The ASAM patient placement criteria exist specifically to guide this matching process. A clinical assessment using these criteria, which most treatment programs offer at no cost during intake, is the gold standard for determining appropriate care. People commonly both underestimate and overestimate the intensity they need, and a trained clinician is better positioned to make that call than the person trying to evaluate themselves in the middle of a crisis.
One practical note: if outpatient treatment has been tried before and did not hold, a higher level of care is usually indicated. Prior treatment history is one of the most reliable predictors of appropriate placement.
Online and telehealth addiction treatment
Virtual addiction treatment, including online intensive outpatient programs and telehealth counseling, expanded substantially after 2020 and is now an established care option.6 It is appropriate for people with mild-to-moderate SUD who have a stable, private home environment, reliable internet access, and no significant medical withdrawal risk. Many programs offer a hybrid model that combines virtual sessions with periodic in-person visits.

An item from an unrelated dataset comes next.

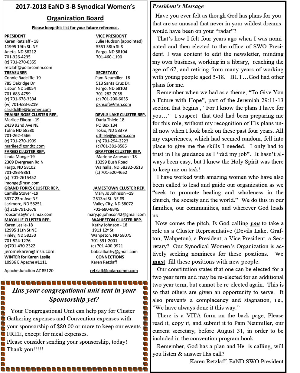 Welcome to Eastern North Dakota Synodical Women’s Organization 3B Women of the Evangelical Lutheran Church in America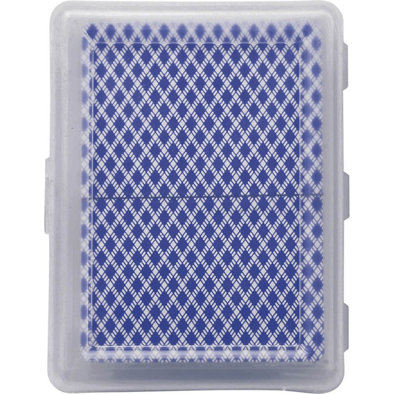 Set of playing cards with a patterned back in a clear acrylic case. Branding is on the acrylic case.

Virtual treatment is not appropriate as the sole treatment option for people with severe physical dependence, high overdose risk, or unstable housing. For those individuals, a residential or medically supervised setting is the safer starting point.
Medication-assisted treatment (MAT)
Medication-assisted treatment uses FDA-approved medications alongside behavioral therapy to treat opioid use disorder and alcohol use disorder. SAMHSA and NIDA identify MAT as the gold standard of care for opioid use disorder, with strong evidence that it reduces illicit opioid use, lowers overdose risk, and helps people stay in treatment longer.7
Opiates
For opioid use disorder, the primary FDA-approved medications are:
- Methadone: a long-acting opioid agonist that reduces cravings and withdrawal without producing a significant high at therapeutic doses. Dispensed through licensed opioid treatment programs.
- Buprenorphine (Suboxone): a partial opioid agonist that reduces cravings and withdrawal. Prescribable by licensed clinicians in office-based settings.
- Naltrexone (Vivitrol): an opioid antagonist that blocks the euphoric effect of opioids. Requires full detox before starting.
Alcohol
For alcohol use disorder, FDA-approved medications include:
- Naltrexone: reduces cravings for alcohol and the rewarding effect of drinking.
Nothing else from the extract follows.